O custo desse "esqueleto", no entanto, é muito maior. Se forem considerados os R$ 60,842 bilhões já pagos pelo governo, o custo acumulado da subvenção a quem comprou casa própria chega a R$ 141,42 bilhões.
Esse dinheiro equivale a quase dez anos de investimentos do PAC (Programa de Aceleração do Crescimento) ou a quatro anos de arrecadação da CPMF, o tributo do cheque (considerada a receita prevista para este ano, de cerca de R$ 35,5 bilhões).
A conta vem sendo paga pelo Tesouro desde 1996, quando o governo decidiu renegociar a dívida com os bancos. É como se cada um dos 3,7 milhões de contratos de compra da casa própria recebesse um desconto de R$ 39 mil, cuja conta é paga aos bancos pelo Tesouro.
"O problema está sendo equacionado aos poucos. Não há previsão de alterações no ritmo de pagamento dessa dívida", afirma o secretário do Tesouro Nacional, Arno Augustin.
O desequilíbrio nas contas do SFH tornou-se um problema na década de 80. A inflação estratosférica corroeu os salários e, obviamente, a capacidade de pagamento dos mutuários. A inadimplência aumentou, e o governo decidiu que iria reajustar as prestações dos contratos habitacionais do SFH abaixo das taxas previstas nos empréstimos originais.

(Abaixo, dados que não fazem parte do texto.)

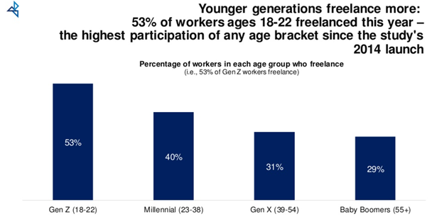 53% of Gen Z workers (ages 18-22) freelance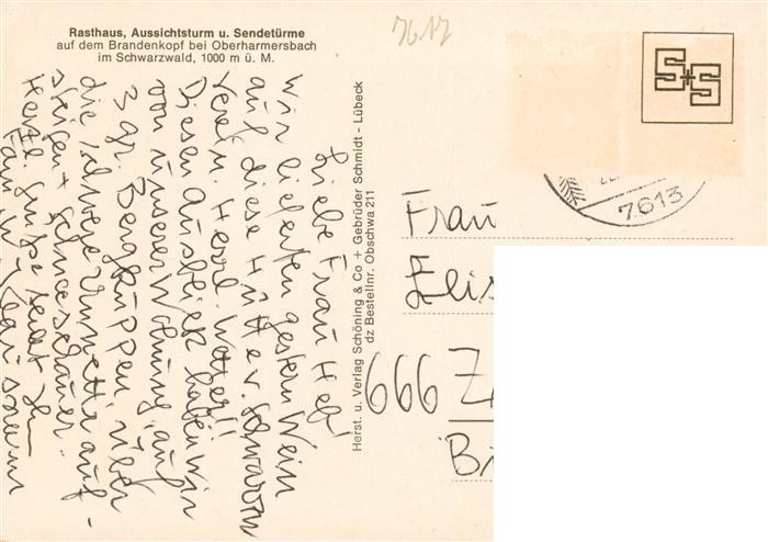 73931069 alte Postkarte Brandenkopf Rasthaus Aussichtsturm und Sendetuerme postalisch gelaufen Erhaltung siehe scans [FriedD77] KatCode: 11110008317088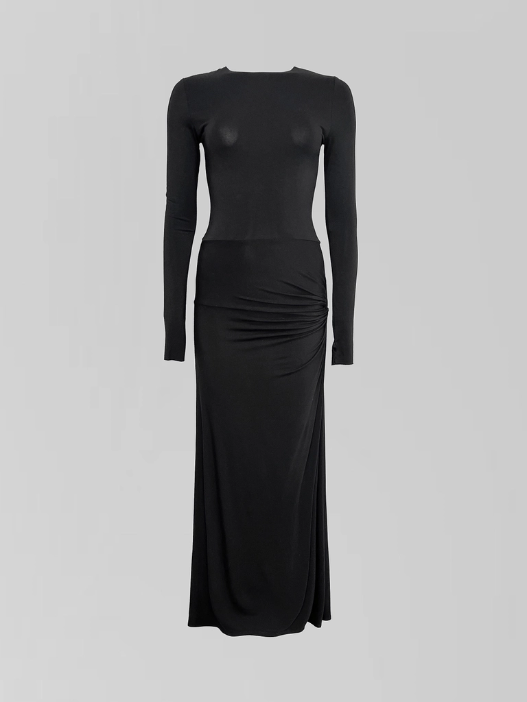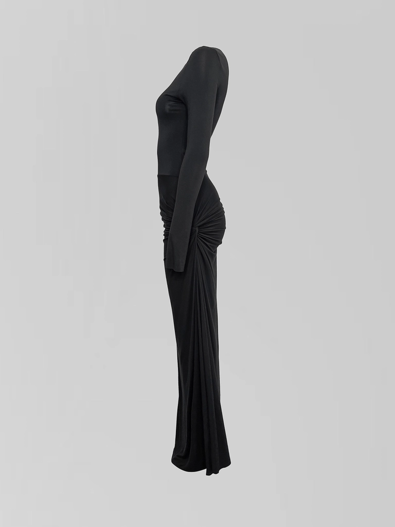 - Длина в пол – беспроигрышный вариант для модниц любого возраста. В зависимости от особенностей фигуры можно выбрать облегающую или свободно ниспадающую модель.

Na prática, o que o governo fez foi cobrar menos dos tomadores de financiamentos e, ao mesmo tempo, garantir aos bancos que eles receberiam o que estava previsto nos contratos. O saldo devedor que se acumulou nesses contratos foi repassado ao FCVS (Fundo de Compensação das Variações Salariais), criado em 1967 com o objetivo de cobrir eventuais saldos devedores do SFH.
"A assunção desses compromissos [dos subsídios] ocorreu sem a imprescindível cobertura de recursos orçamentários. O FCVS (...) passou a assumir responsabilidades crescentes, incompatíveis com seu patrimônio e seu fluxo de caixa, acarretando, como conseqüência, o acúmulo da dívida ao longo do tempo", explica um documento do Tesouro na internet.
Subsídios elevados
Entre 1980 e 1990, há pelo menos cinco decisões do governo concedendo subsídios ou mudando as regras de reajuste das prestações. O ápice da subvenção foi no governo Sarney (1985/90). Em 1985, as prestações do SFH deveriam ser reajustadas em 242%, mas o governo decidiu que a correção seria de 112%.

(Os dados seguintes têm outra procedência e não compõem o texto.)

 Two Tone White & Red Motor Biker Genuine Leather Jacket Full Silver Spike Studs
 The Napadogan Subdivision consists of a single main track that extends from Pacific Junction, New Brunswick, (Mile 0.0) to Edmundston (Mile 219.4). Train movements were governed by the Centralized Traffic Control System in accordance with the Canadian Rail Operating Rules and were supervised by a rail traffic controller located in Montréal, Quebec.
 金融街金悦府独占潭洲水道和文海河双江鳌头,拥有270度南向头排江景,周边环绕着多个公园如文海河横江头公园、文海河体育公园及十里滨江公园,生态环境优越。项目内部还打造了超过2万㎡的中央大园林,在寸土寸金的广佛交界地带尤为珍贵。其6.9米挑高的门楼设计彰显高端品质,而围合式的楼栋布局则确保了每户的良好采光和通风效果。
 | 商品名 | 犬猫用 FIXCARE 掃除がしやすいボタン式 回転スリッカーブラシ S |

Quando resolveu renegociar a dívida do FCVS com os bancos em 30 anos, com juros máximos de 6,17% anuais, o Tesouro Nacional o fez por meio da emissão de títulos da dívida interna. Nos últimos cinco anos, foram reservados R$ 13 bilhões anuais para pagar o subsídio à casa própria.
Esse valor, no entanto, nunca foi alcançado. É que a renegociação da dívida depende da iniciativa dos bancos. Cabe às instituições financeiras, depois que o mutuário encerra o pagamento das prestações previstas no contrato, submeter o financiamento a análise da Caixa Econômica Federal para definir o valor do saldo devedor que será refinanciado.
O Tesouro Nacional estima que 85% da dívida que ainda não foi refinanciada esteja na mão dos falidos bancos Nacional e Econômico. Cerca de R$ 20 bilhões em contratos habitacionais foram dados em garantia ao BC (Banco Central) nas operações do Proer --o programa de ajuda aos bancos. O restante está dividido entre a Caixa e a Emgea, empresa criada pelo governo para assumir e cobrar os contratos habitacionais de má qualidade que estavam com as empresas públicas.